Snap Tumbles for First Time Since IPO After Analysts Say Sell

  • Of seven analysts who cover the stock, none recommend buying
  • More glamorous the IPO, more likely for big fall, Needham says

Snap Fizzles as Shares Take a Beating for Second Day

After a euphoric market debut, Snap Inc. shares dropped for the first time in three days and fell below the opening price of $24 on their first day of public trading after analysts began weighing in with their thoughts on the company’s true valuation.

The parent company of disappearing-photo app maker Snapchat priced shares in its initial public offering last Wednesday and they surged 44 percent on the first day of trading. On Friday the stock climbed a further 11 percent. By Monday, five of the seven analysts who cover the company had a sell rating on it while two said hold.
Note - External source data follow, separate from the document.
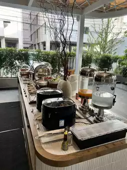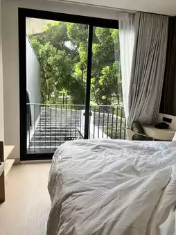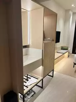 It’s near the Airport Rail Link Ratchaprarop station, but the surrounding area is currently under construction, and the road conditions are poor, so it will be tough if you’re dragging luggage! The hotel is brand new with modern facilities, the public areas have a stylish design, and the rooms are Japanese minimalist style. The mattress provides good support, medium firmness—very comfortable. Breakfast is a special offer at 150 THB, also minimalist style (not many dishes XD). There are also three rooms on the first floor with direct access to the pool 🎉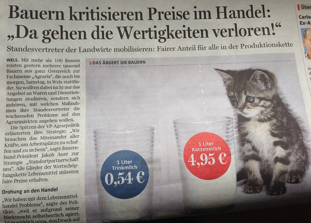 Da nimmt man das Flesserl, streicht Butter hinein. Fertig ist es. Der Kaffee dazu. Die Zeitung lockt. Klar ist, dass der Geschmack des Flesserls den Inhalt der Zeitung übertrifft. Deshalb keimt der Zweifel auf, ob ich überhaupt die Zeitung „dazulesen“ soll. Ich blättere. Dann die Headline: „Bauern kritisieren Preise im Handel. Da gehen die Wertigkeiten verloren!“. Ein Bild (siehe Bild) sagt mehr als tausend Erklärungen. Die Katze schaut auf ihre Katzenmilch zum Preis von 4,95 EUR. Daneben steht die Trinkmilch im Glas mit 0,54 EUR. Das ist kein Tippfehler. Und ich frage mich beim Frühstück wieder einmal: Was ist los mit unserer Welt? „Geiz ist geil“ hat in den meisten Menschen das „gute Verhältnis, die Wertigkeiten“ tiefgehend zerstört. Es ist der Preis, der die Gefühle im Verhältnis zum Wert steuert. Billig ist gut. Billigst ist hervorragend. Ich schaue seit Jahren keine Werbung mehr an, die mit den Zeitungen geliefert wird. Ich lasse mir meine Wertigkeitsverhältnisse, die ich an der Natur und der Nachhaltigkeit ausrichten will, nicht durch „Sonderangebote“ zerstören. Heini Staudinger sagt: „Die Milliardenindustrie Werbung redet uns täglich ein.“ Hier zum Nachschauen. Zurück zu unserem Bäcker. Gut, dass ihr Brot backt, hier für uns im Bergdorf und weit über Kirchschlag hinaus. Brot und keine aufgebackenen Teiglinge. Ihr seid deshalb nicht die billigsten, aber die besten.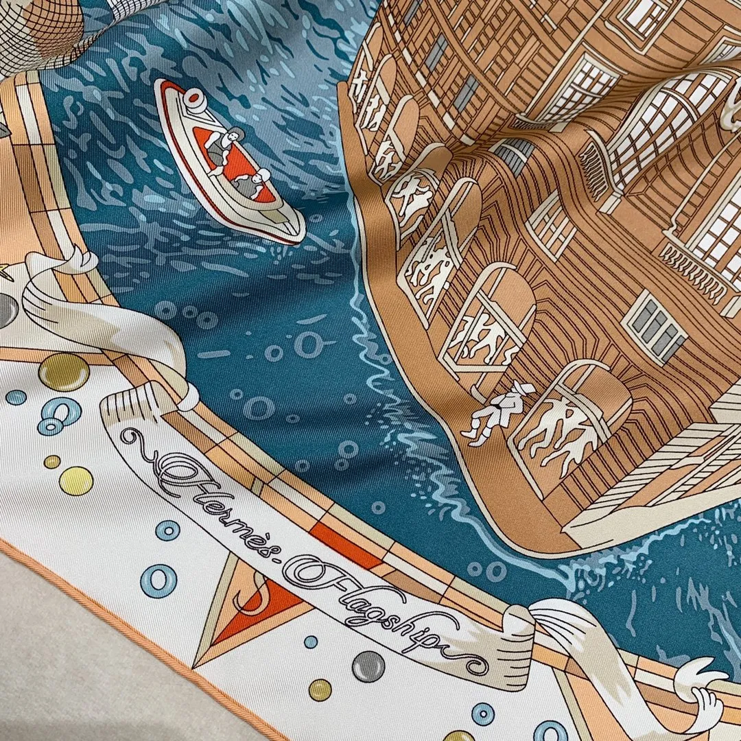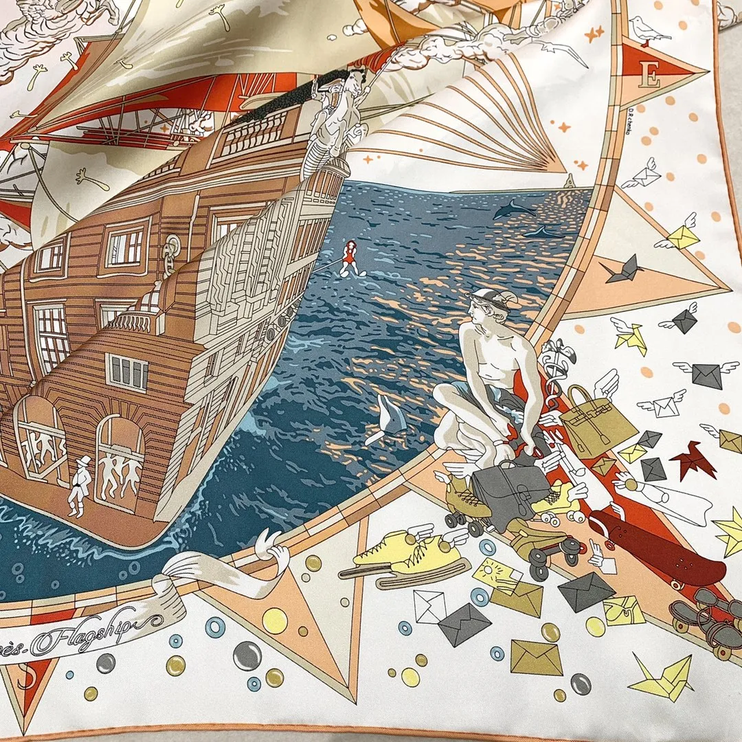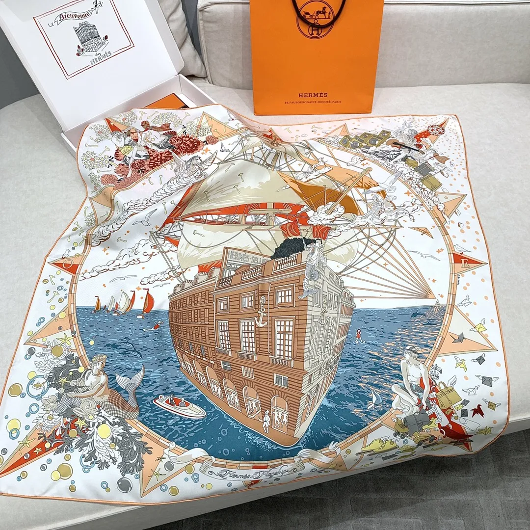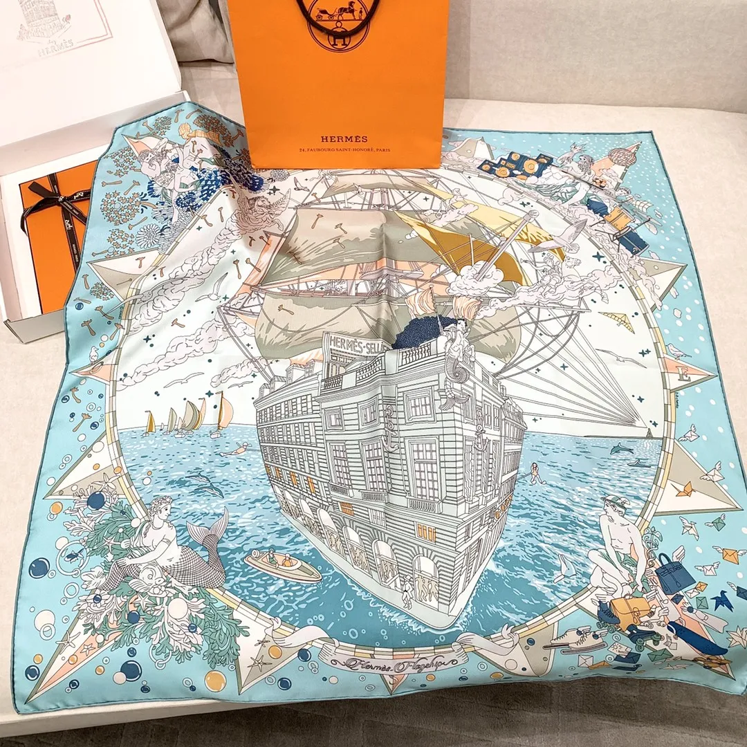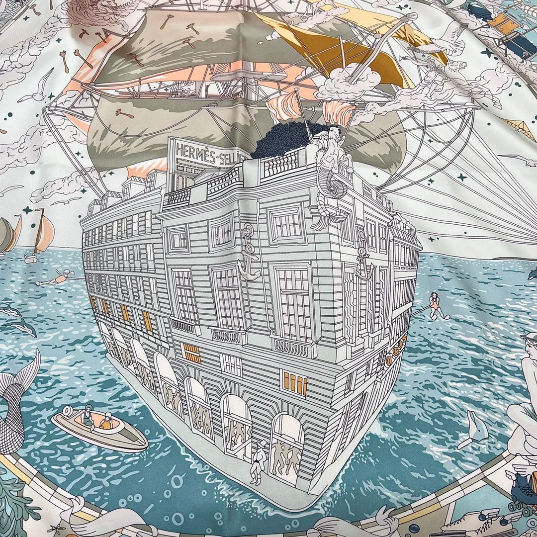 Изысканный шёлковый платок HERMES – это воплощение элегантности и стиля. Выполненный из 100% шелка плотностью 18 мм, он отличается превосходным качеством и тактильными ощущениями. Этот изысканный женский платок от HERMES выполнен из высококачественного шелка. Он имеет уникальный и яркий дизайн, который привлекает внимание. Его дизайн напоминает часть роскошного корабля, украшенную тесаным камнем, а также витрины, словно открывающие окна на праздничную сцену в самом разгаре торжества. В этот момент греческие боги наблюдают за происходящим с легкой завистью, ведь сама атмосфера наполнена магией и величием.

No analyst recommends buying the stock, according to data compiled by Bloomberg. Not all analysts are able to give their opinion on the stock yet, since those who work at banks involved in the IPO are prevented from doing so for a while.

Snap fell 12 percent to $23.77 at the close Monday in New York, valuing the company at about $28 billion.
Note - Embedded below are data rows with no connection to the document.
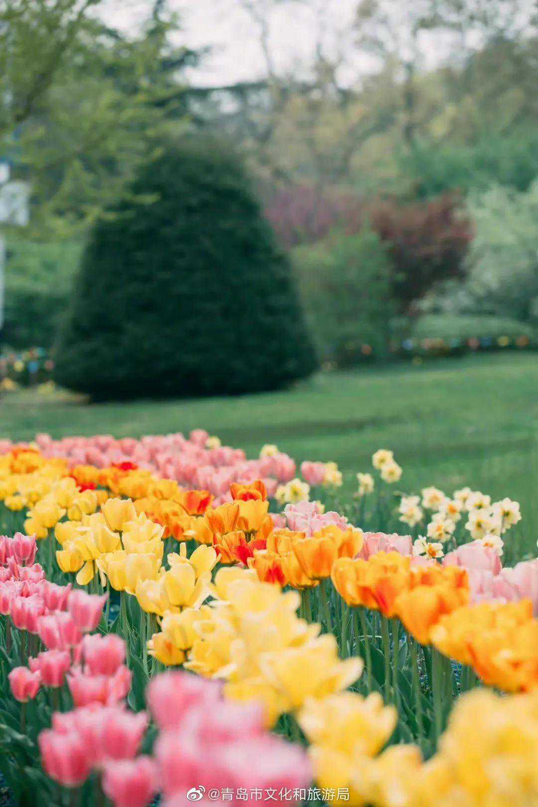 相比人潮拥挤的青岛中山公园,湛山寺旁的青岛植物园则是一个人少景又美的宝藏出片地,不仅花海繁盛,而且出片的机位很多,可以尽情拍个够。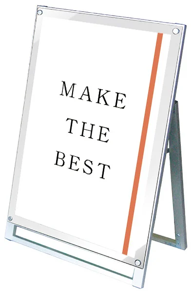 - ベストセラー商品としてご紹介するアクリルカバーと化粧ビスの美しさが人気のスタンド看板です。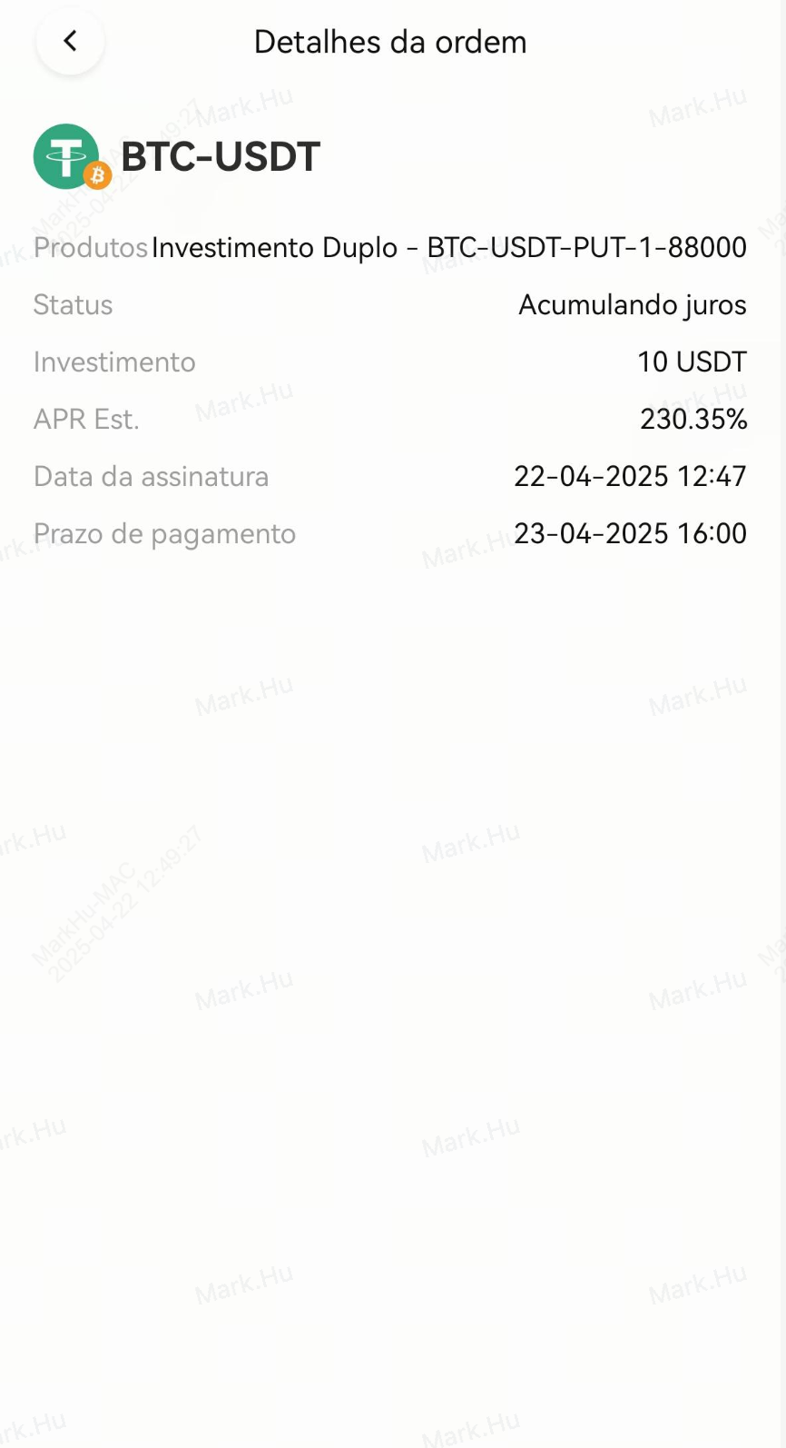 - No momento da liquidação, se o preço do BTC for ≥ ao preço alvo, seu BTC será automaticamente vendido por USDT, e você receberá os juros acumulados.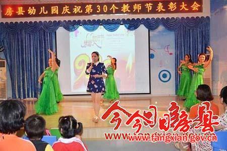 今日房县网讯 通讯员李绪鸿 报道: 为庆祝第三十个教师节,弘扬广大教职工敬业乐教、无私奉献的高尚情操,近日,县幼儿园举行了庆祝教师节表彰暨庆祝大会。

"Academic literature suggests that the sexier and more glamorous a company’s IPO, the more likely it is to be overpriced at its IPO date and to suffer meaningful downwards earnings and valuation revisions in the first eight quarters after it goes public," wrote Laura Martin, an analyst at Needham & Co., in a note to investors. She said Snap’s value is more like $19 to $23 a share.
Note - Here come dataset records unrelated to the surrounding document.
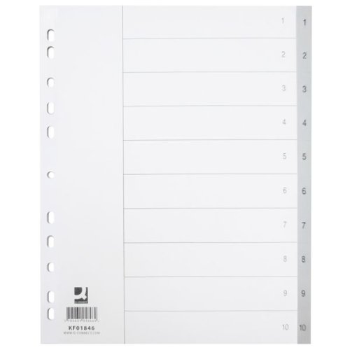 Plast.rozlišovače Q-Connect - A4+, šedé, sada 1-10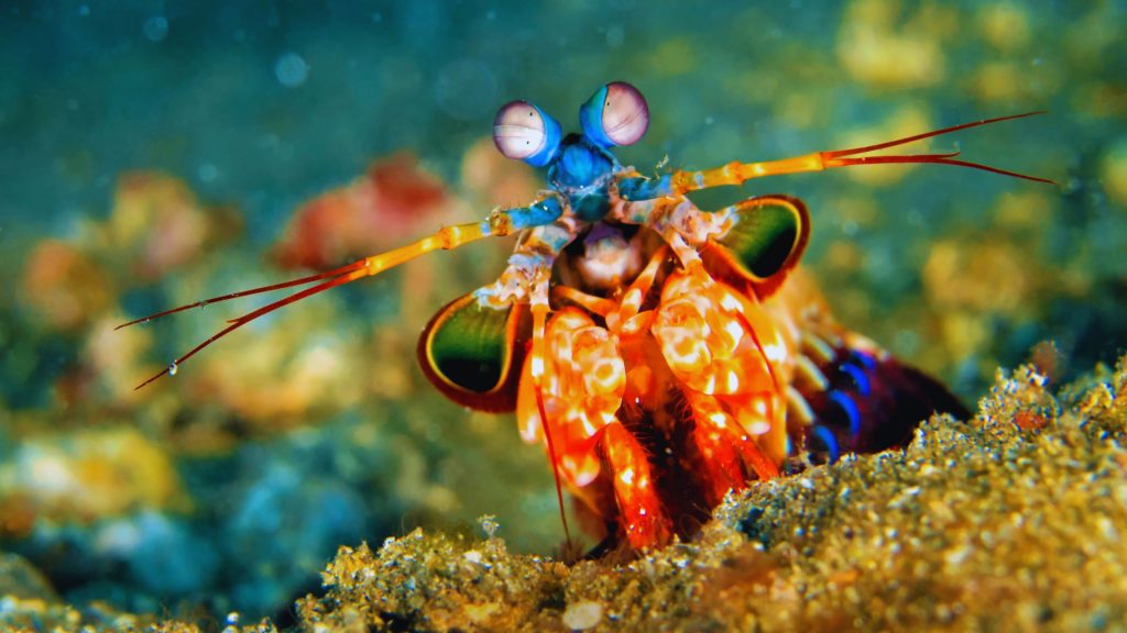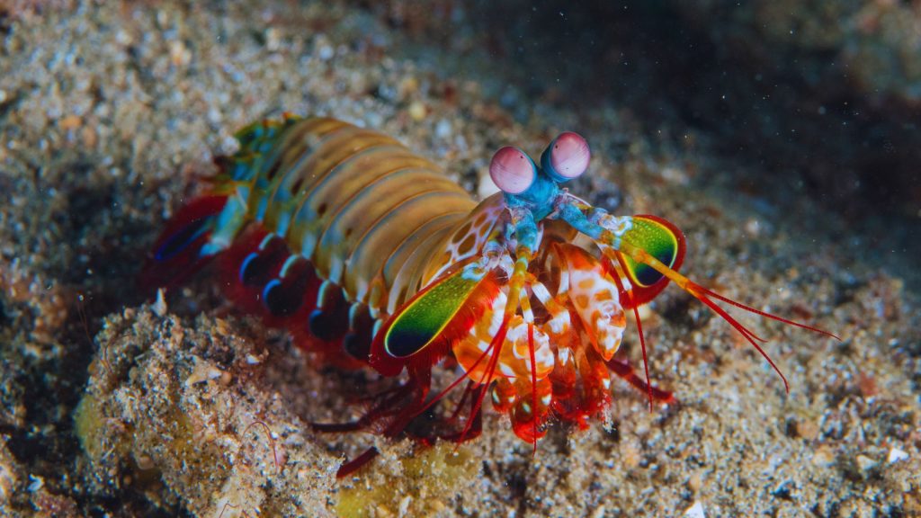 Comumente encontrado nos oceanos Pacífico e Índico, o camarão-louva-a-deus-palhaço pertence à ordem Stomatopoda. As mais de 400 espécies dessa categoria morfológica são conhecidas por sua segunda pata torácica, um membro extremamente forte e desenvolvido que consegue destruir presas com facilidade.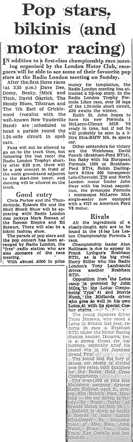 Needless to say, the motor racing fraternity was unimpressed by the appearances of such hoi polloi as radio deejays, pop stars and the shenanigans of their fans at a race meeting and scathing reports ensued in the motoring magazines. However, as the Brands Hatch attendance figures doubled that day, more Radio London events were to follow.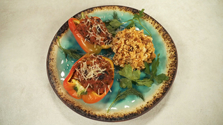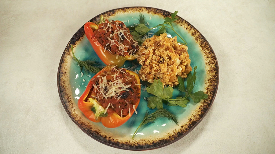 Яркое, полезное, аппетитное блюдо – перец, фаршированный овощами и мясом, с гарниром из кускуса – особенно оценят те, кто следит за своим питанием.

Martin explains her concerns about Snap Inc.

(Source: Bloomberg)

Snap, which began as a phone app for sending vanishing photos, has been building out its advertising and media business, reminding investors of the early days of Facebook Inc. and Google’s YouTube. But the company is still years away from profitability, with a net loss higher than its revenue. User growth on the app slowed in the fourth quarter, leading to skepticism about how big the company’s advertising business could be.

"We think they are going to be able to monetize and they’ve shown it but we don’t think it’s going to be as effective as the valuation is implying," said Ali Mogharabi, an analyst at Morningstar Inc. With the stock trading at around 32 times this year’s sales, “based on that, it’s overvalued right now.”

He rates the stock sell with a price target of $15.